- _Directions_
Only the pictures are dropped. Restate each line below word for word.

- _Material for this task_
* * * * *

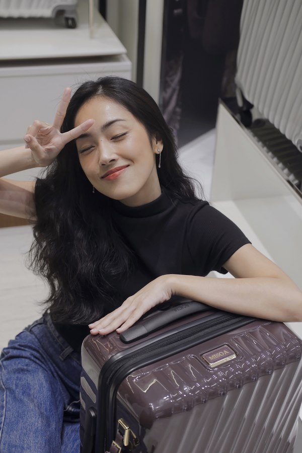 Katleen Phan Võ thể hiện khả năng mix and match với phụ kiện du lịch nhà TUMI. Cô chọn chiếc vali màu đặc biệt cùng tông với set đồ của mình.
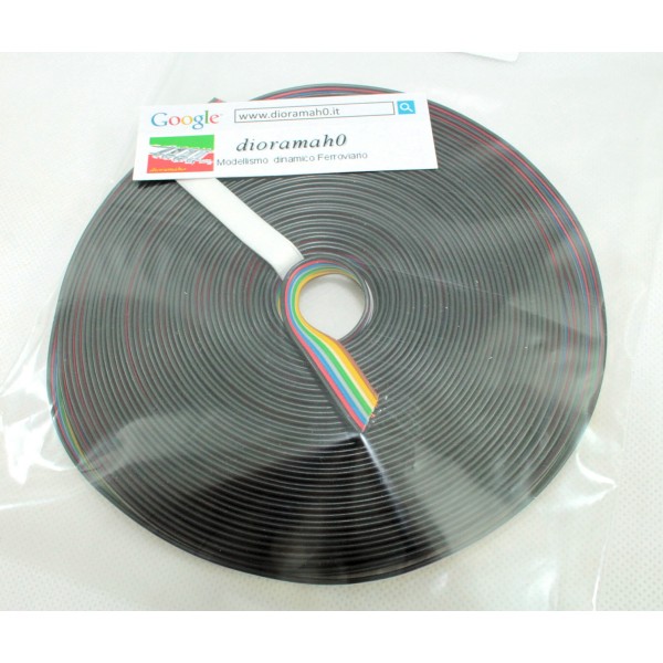 8 Cavi uniti tra loro "modello piattina" in diversi colori, per 10 metri. Colori: Marrone giallo, bianco, verde, grigio, blu, rosso, nero. (8x14x0,15) . -- Sezione 8 cavi X 0,25 mm² -- Ottimi per collegare da parte a parte a lunghe distanze; deviatori scambi illuminazioni, motori, servo comandi, segnali ferroviari, ecc.. avendo ordine e meno confusione sotto al vostro plastico ferroviario. Disponibile il formato 5 metri per plastici ferroviari piccoli e medi.
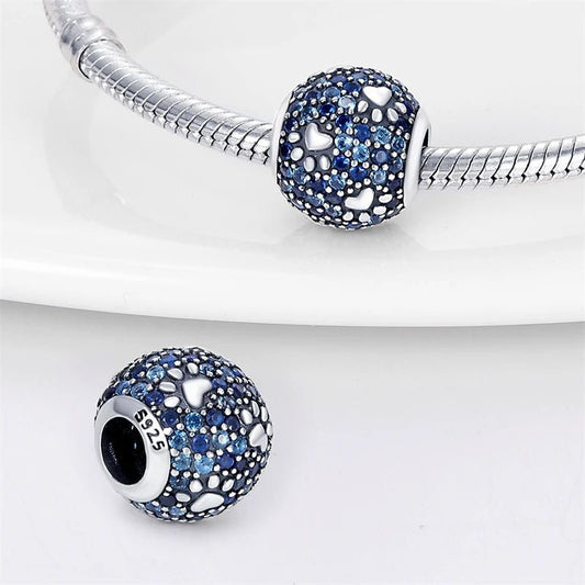 Pawprint Trail Charm Sterling Silver S925 Pet Dog Cat Blue
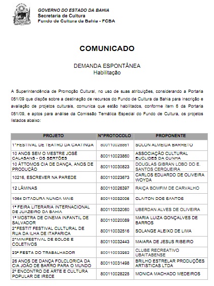 A Superintendência de Promoção Cultural, no uso de suas atribuições, considerando a Portaria 051/09 que dispõe sobre a destinação de recursos do Fundo de Cultura da Bahia para inscrição e avaliação de projetos culturais, comunica que estão habilitados, conforme item 6 da Portaria 051/09, e aptos para análise da Comissão Temática Especial do Fundo de Cultura, os projetos listados no documento que pode ser acessado através do link.
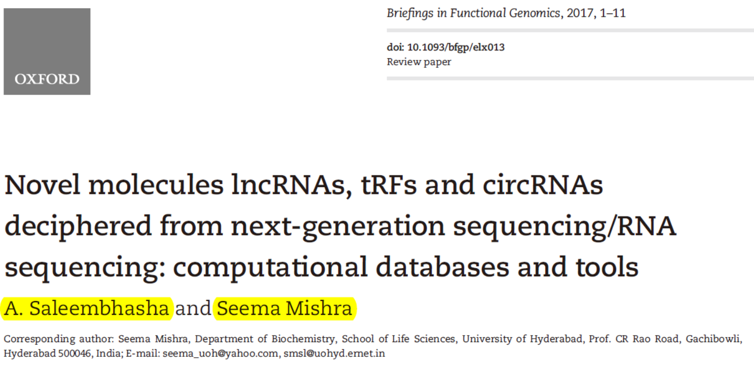 11. Saleembhasha, A. and S. Mishra, Novel molecules lncRNAs, tRFs and circRNAs deciphered from next-generation sequencing/RNA sequencing: computational databases and tools. Brief Funct Genomics, 2017.

* * * * *

- _Solution_
 Katleen Phan Võ thể hiện khả năng mix and match với phụ kiện du lịch nhà TUMI. Cô chọn chiếc vali màu đặc biệt cùng tông với set đồ của mình.
 8 Cavi uniti tra loro "modello piattina" in diversi colori, per 10 metri. Colori: Marrone giallo, bianco, verde, grigio, blu, rosso, nero. (8x14x0,15) . -- Sezione 8 cavi X 0,25 mm² -- Ottimi per collegare da parte a parte a lunghe distanze; deviatori scambi illuminazioni, motori, servo comandi, segnali ferroviari, ecc.. avendo ordine e meno confusione sotto al vostro plastico ferroviario. Disponibile il formato 5 metri per plastici ferroviari piccoli e medi.
 Pawprint Trail Charm Sterling Silver S925 Pet Dog Cat Blue
 A Superintendência de Promoção Cultural, no uso de suas atribuições, considerando a Portaria 051/09 que dispõe sobre a destinação de recursos do Fundo de Cultura da Bahia para inscrição e avaliação de projetos culturais, comunica que estão habilitados, conforme item 6 da Portaria 051/09, e aptos para análise da Comissão Temática Especial do Fundo de Cultura, os projetos listados no documento que pode ser acessado através do link.
 11. Saleembhasha, A. and S. Mishra, Novel molecules lncRNAs, tRFs and circRNAs deciphered from next-generation sequencing/RNA sequencing: computational databases and tools. Brief Funct Genomics, 2017.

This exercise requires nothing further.